◆ **Instructions for the task**: Among the records below, find each line containing the word "Abbey" and copy it.

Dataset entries
□ □ □

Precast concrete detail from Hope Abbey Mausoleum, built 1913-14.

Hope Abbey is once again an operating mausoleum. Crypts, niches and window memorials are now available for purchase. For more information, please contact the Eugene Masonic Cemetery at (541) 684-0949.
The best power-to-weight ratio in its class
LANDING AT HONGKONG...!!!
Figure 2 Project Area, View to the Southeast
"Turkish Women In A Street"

□ □ □

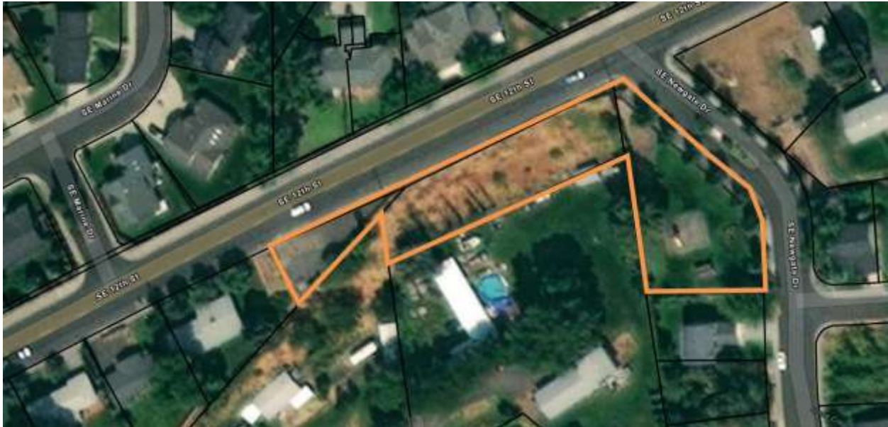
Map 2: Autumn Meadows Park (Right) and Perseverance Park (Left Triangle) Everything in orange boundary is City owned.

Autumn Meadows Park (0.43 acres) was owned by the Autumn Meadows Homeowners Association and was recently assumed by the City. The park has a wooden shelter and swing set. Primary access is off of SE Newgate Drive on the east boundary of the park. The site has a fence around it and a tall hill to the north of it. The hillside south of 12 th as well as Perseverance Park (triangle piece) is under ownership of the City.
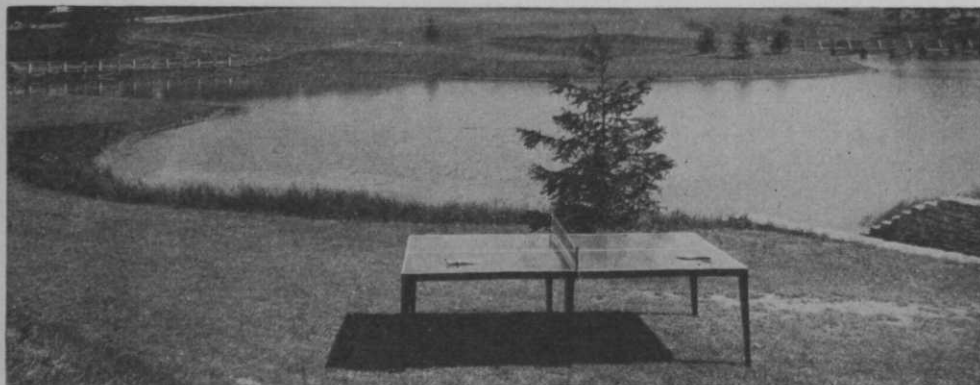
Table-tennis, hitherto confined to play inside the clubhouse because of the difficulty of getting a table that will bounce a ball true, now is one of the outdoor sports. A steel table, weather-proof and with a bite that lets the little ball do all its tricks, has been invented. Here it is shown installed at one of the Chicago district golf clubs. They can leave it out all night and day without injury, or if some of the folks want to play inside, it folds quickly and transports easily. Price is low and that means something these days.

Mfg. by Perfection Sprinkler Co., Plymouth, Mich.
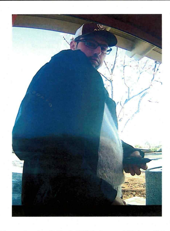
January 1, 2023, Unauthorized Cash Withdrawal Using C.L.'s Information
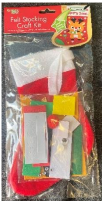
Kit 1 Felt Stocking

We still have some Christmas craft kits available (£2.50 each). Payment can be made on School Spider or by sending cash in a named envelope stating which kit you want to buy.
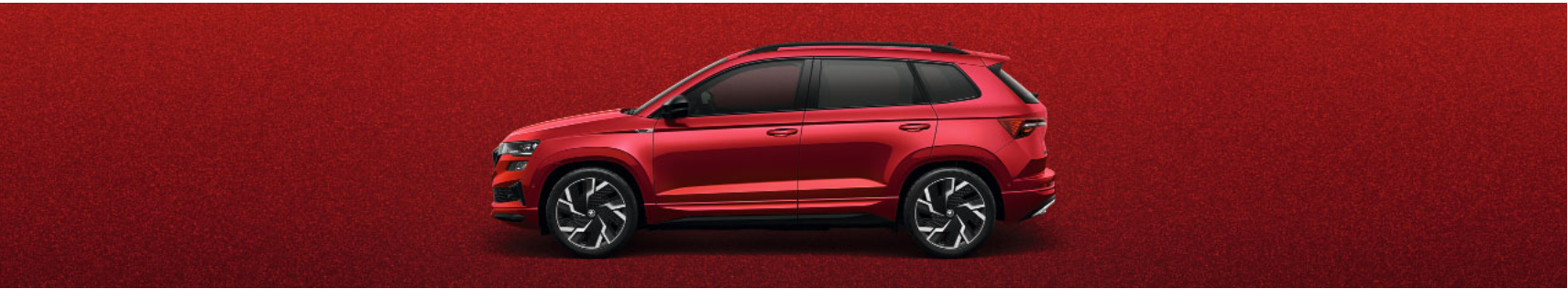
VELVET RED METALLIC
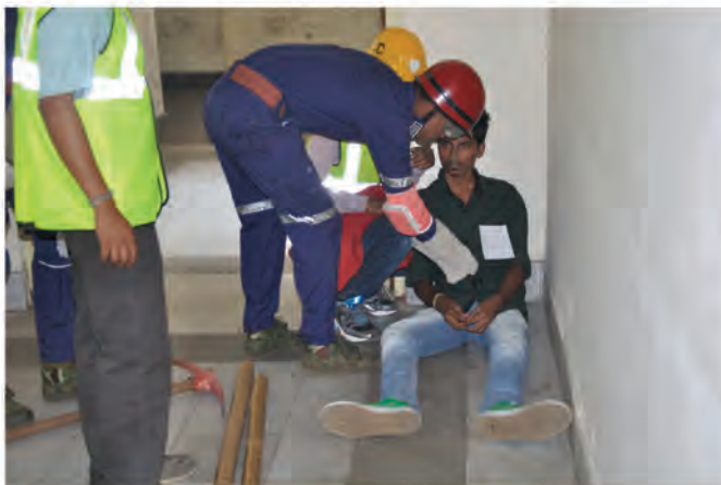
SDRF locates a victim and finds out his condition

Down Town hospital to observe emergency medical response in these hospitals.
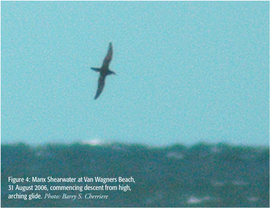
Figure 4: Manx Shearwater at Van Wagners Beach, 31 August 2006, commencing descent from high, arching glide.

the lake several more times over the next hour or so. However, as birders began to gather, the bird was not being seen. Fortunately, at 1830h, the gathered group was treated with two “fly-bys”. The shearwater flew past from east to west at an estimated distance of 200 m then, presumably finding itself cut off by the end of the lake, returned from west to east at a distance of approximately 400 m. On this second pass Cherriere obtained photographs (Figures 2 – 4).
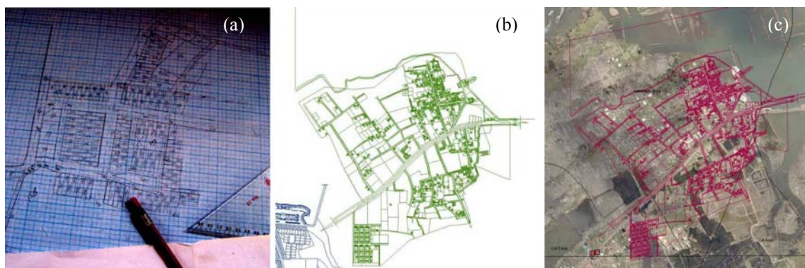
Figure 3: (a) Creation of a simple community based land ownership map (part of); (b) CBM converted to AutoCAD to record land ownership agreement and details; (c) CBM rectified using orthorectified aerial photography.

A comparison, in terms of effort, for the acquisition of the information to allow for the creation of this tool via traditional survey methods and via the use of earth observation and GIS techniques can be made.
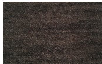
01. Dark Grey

□ □ □

◆ **Exercise output**:
Precast concrete detail from Hope Abbey Mausoleum, built 1913-14.
Hope Abbey is once again an operating mausoleum. Crypts, niches and window memorials are now available for purchase. For more information, please contact the Eugene Masonic Cemetery at (541) 684-0949.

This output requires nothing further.